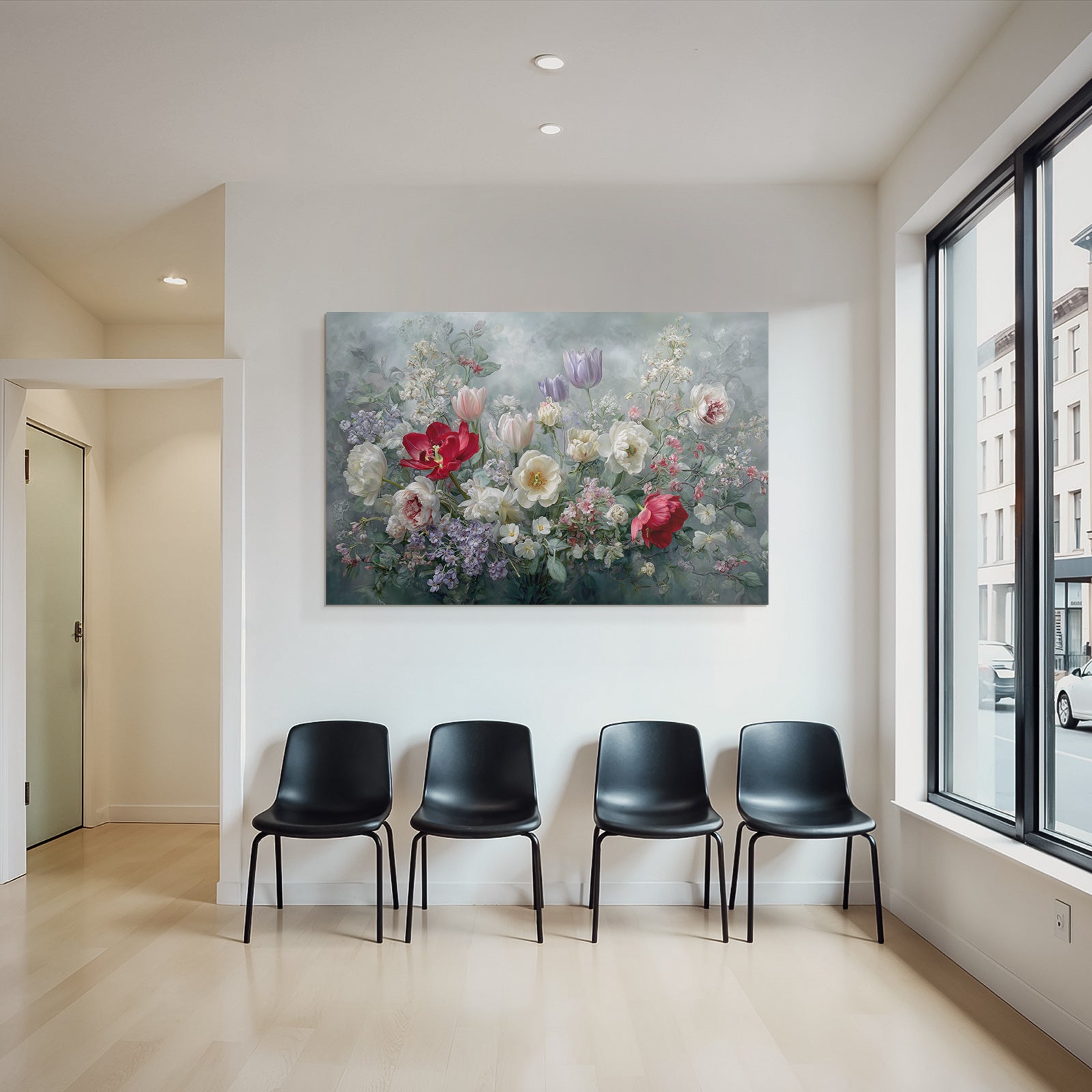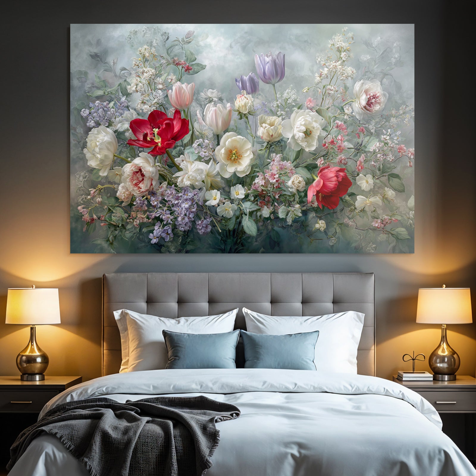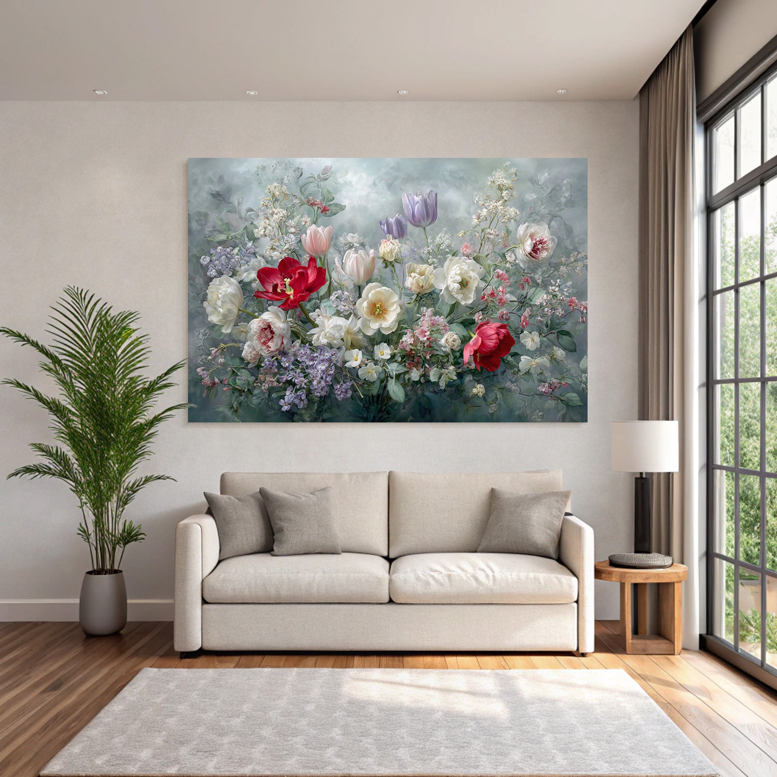 Dieses Kunstwerk zelebriert den Stil Rosen Tulpen Lavendel. Die klaren Linien (oder organischen Formen) von „Schöne Blütenpracht Mit Roten Tulpen Und Weissen Pfingstrosen“ werden durch den minimalistischen FameFrame elegant betont.
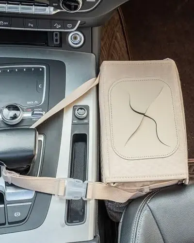 • Adjustable straps: Can be hung on the front or back seat, center console, or gear stick.
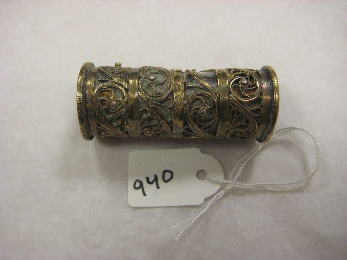 Skúfhólkur Valgerðar ljósmóður. Hólkurinn er 4,5 sm á lengd og 2,0 sm á vídd barmabrúna. Margbrotið og skrautlegt verk, talið smíðað af afa Valgerðar Jóni Sigurðssyni silfursmið á Bíldsfelli í Grafningi.
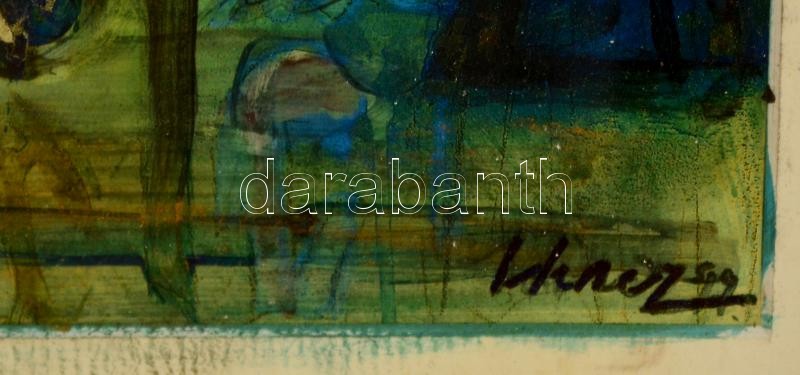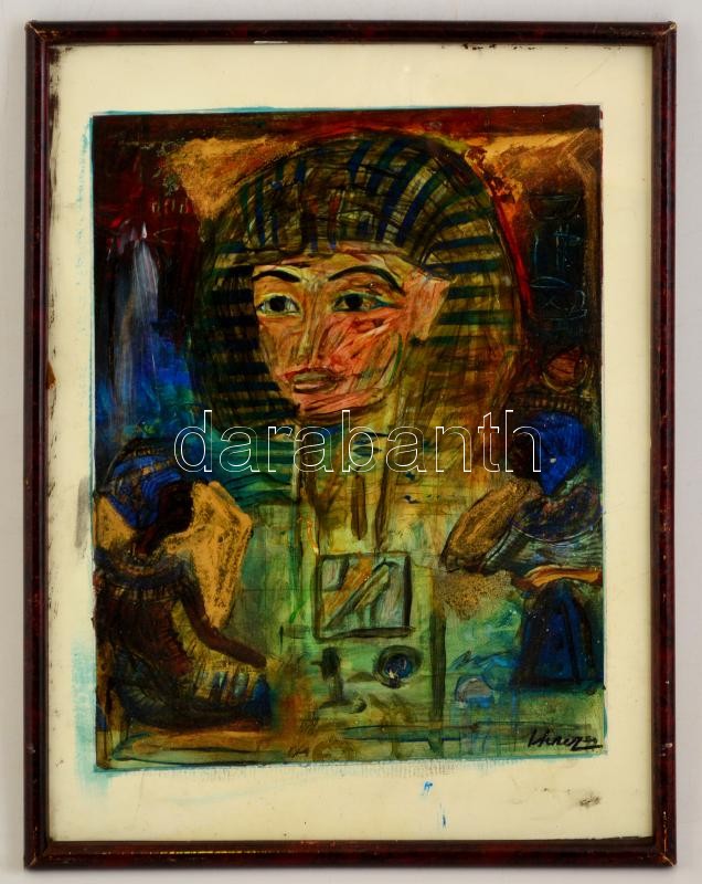 Beschreibung: Hincz jelzéssel: Egyiptomi emlékek. Vegyes technika, papír, üvegezett keretben, 38×29 cm
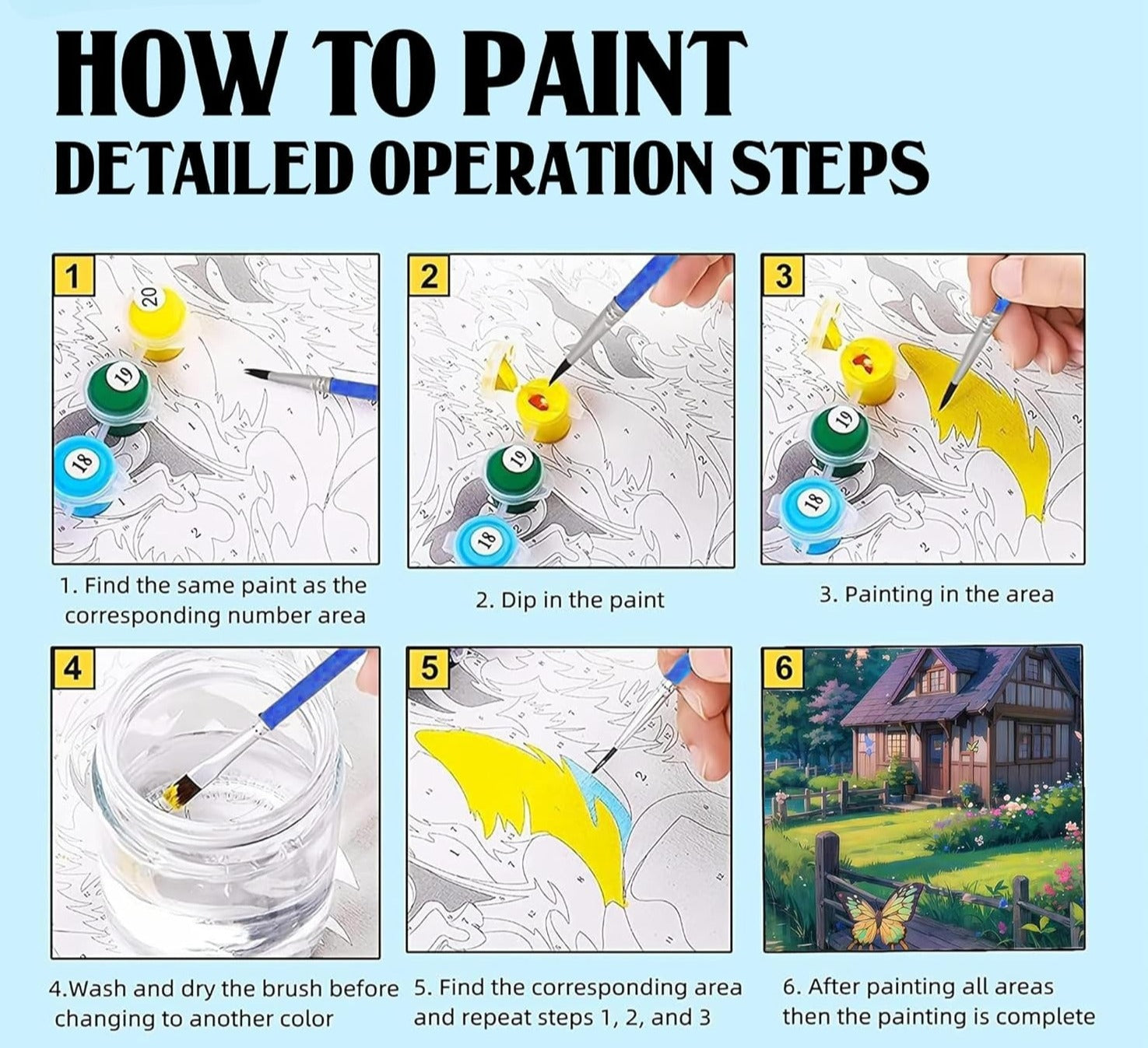 Bring the tranquil essence of a dusky garden retreat into your home with our Cottage Garden Paint By Number Kit. This artwork captures the warmth of a setting sun as it bathes a charming cottage and its flourishing garden in a soft, golden hue.
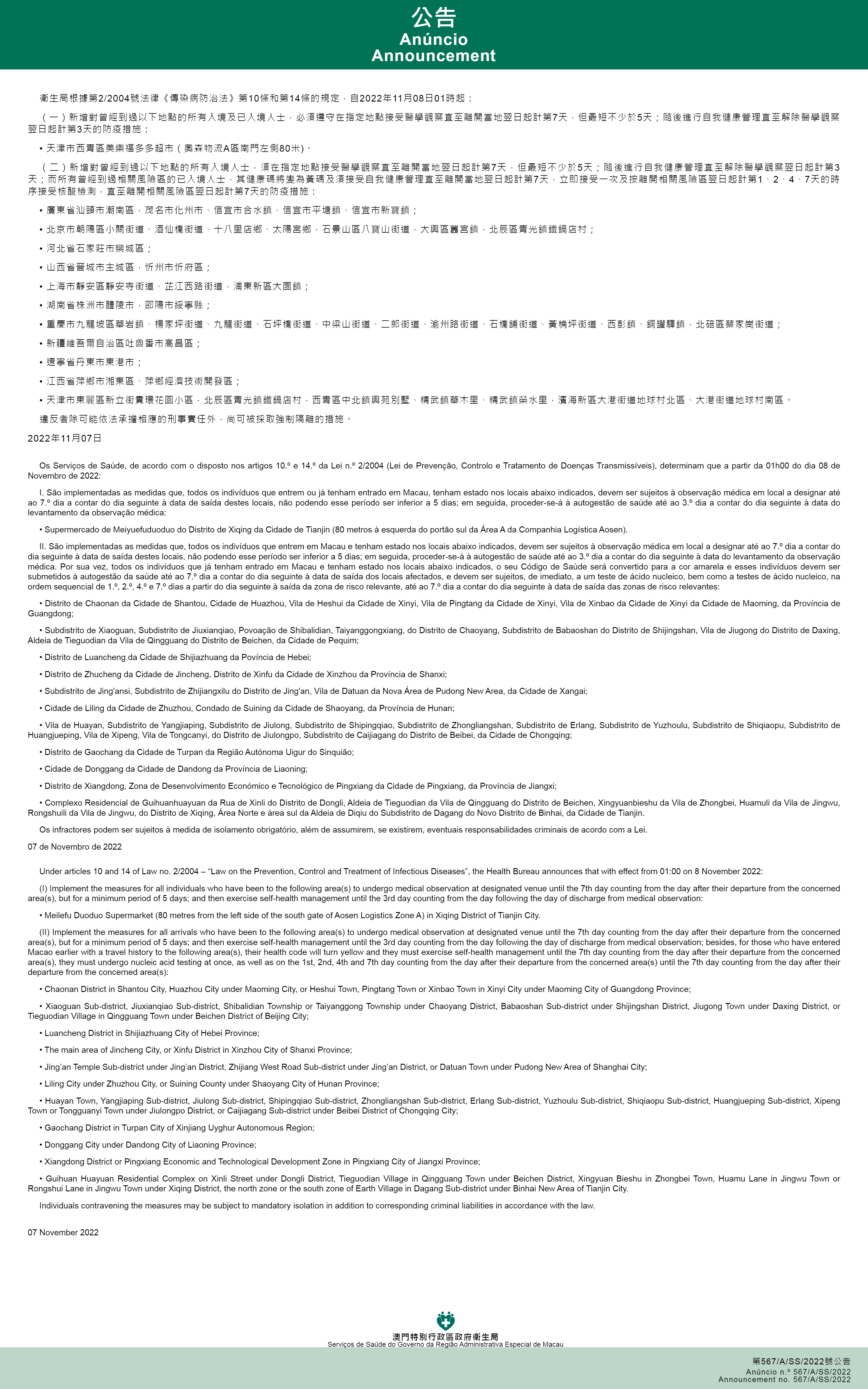 新型冠狀病毒感染應變協調中心(下稱應變協調中心)宣佈,因應內地的疫情變化,衛生局根據第2/2004號法律《傳染病防治法》第10條和第14條的規定,自2022年11月8日凌晨1時起,新增或取消對曾到內地相關區域人士的防疫措施:

****************

Word for word, copy every line of the data, excluding any pictures.

 Dieses Kunstwerk zelebriert den Stil Rosen Tulpen Lavendel. Die klaren Linien (oder organischen Formen) von „Schöne Blütenpracht Mit Roten Tulpen Und Weissen Pfingstrosen“ werden durch den minimalistischen FameFrame elegant betont.
 • Adjustable straps: Can be hung on the front or back seat, center console, or gear stick.
 Skúfhólkur Valgerðar ljósmóður. Hólkurinn er 4,5 sm á lengd og 2,0 sm á vídd barmabrúna. Margbrotið og skrautlegt verk, talið smíðað af afa Valgerðar Jóni Sigurðssyni silfursmið á Bíldsfelli í Grafningi.
 Beschreibung: Hincz jelzéssel: Egyiptomi emlékek. Vegyes technika, papír, üvegezett keretben, 38×29 cm
 Bring the tranquil essence of a dusky garden retreat into your home with our Cottage Garden Paint By Number Kit. This artwork captures the warmth of a setting sun as it bathes a charming cottage and its flourishing garden in a soft, golden hue.
 新型冠狀病毒感染應變協調中心(下稱應變協調中心)宣佈,因應內地的疫情變化,衛生局根據第2/2004號法律《傳染病防治法》第10條和第14條的規定,自2022年11月8日凌晨1時起,新增或取消對曾到內地相關區域人士的防疫措施:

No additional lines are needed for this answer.